How to choose "dim =0/1" for softmax or logsoftmax


What are criteria for choosing “dim=0 or 1” for nn.Softmax and nn.LogSoftmax

Usually you would like to normalize the probabilities (log probabilities) in the feature dimension (dim1) and treat the samples in the batch independently (dim0).
If you apply F.softmax(logits, dim=1), the probabilities for each sample will sum to 1:

# 4 samples, 2 output classes
logits = torch.randn(4, 2)
print(F.softmax(logits, dim=1))
> tensor([[0.7869, 0.2131],
        [0.4869, 0.5131],
        [0.2928, 0.7072],
        [0.2506, 0.7494]])

@ptrblck I found PyTorch official example use dim=0 for muiticlass classification.
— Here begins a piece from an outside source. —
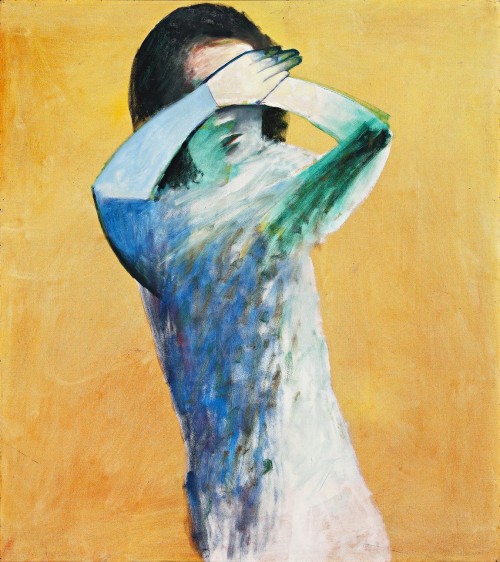 As the artist’s wife Barbara noted, ‘When we returned to Australia in 1966, Charles was famous. Collectors all wanted Blackmans, dealers wanted pictures to sell, galleries wanted shows. We got caught up in the high life: parties, media, photographs’.1 Whilst Charles set about building the studio with Halifax Hayes, Barbara, a noted poet in her own right, turned ‘the new sitting room opening onto the courtyard garden into a venue for dinner parties, musical events, poetry readings and theatrical performances’.2 Attunga Avenue thus became a home full of creative enterprise and their son, Auguste, recalls that Girl Hiding was one of the first paintings his father painted there, and may be interpreted as his direct response to the unique light of Sydney following five years of English skies.3 Not surprisingly, the girl is shown shielding her eyes from the glare, surrounded as she is by the warmth of sunshine yellow; but this gesture characteristically echoes many of Blackman’s other signature paintings, where his protagonists shield their identity from outsiders and inhabit their own world of inner thoughts. ‘Charles' formidable and sensitive understanding of the complex feminine psyche, the tender, human fragility and the potent mythic qualities of the underworld, are touched upon and culminate in this painting. She is vulnerable, but she is not weak. She is casting a spell of her own making’.4 The rapid gestural marks delineating the body further emphasise the girl’s quick movements as if she has just become aware of observers and attempts to block them from her view. Intriguingly, Blackman chose to paint on the reverse, toothed side of the board and the textural pattern provides an optical ‘hum’, not dissimilar to the Op Art movement which had risen in prominence in London during the artist’s last years there. As ever, Blackman found a way to synthesise his individualistic figurative motifs within the aesthetics of otherwise contemporary art movements.

Why it use dim=0 here?
The function is as below:

helper functions

def images_to_probs(net, images):
    Generates predictions and corresponding probabilities from a trained
    network and a list of images
    output = net(images)
    # convert output probabilities to predicted class
    _, preds_tensor = torch.max(output, 1)
    preds = np.squeeze(preds_tensor.numpy())
    return preds, [F.softmax(el, dim=0)[i].item() for i, el in zip(preds, output)]

The posted code snippet iterates output so el won’t have the batch dimension anymore and dim=0 will thus use the “class dimension”.

1 Like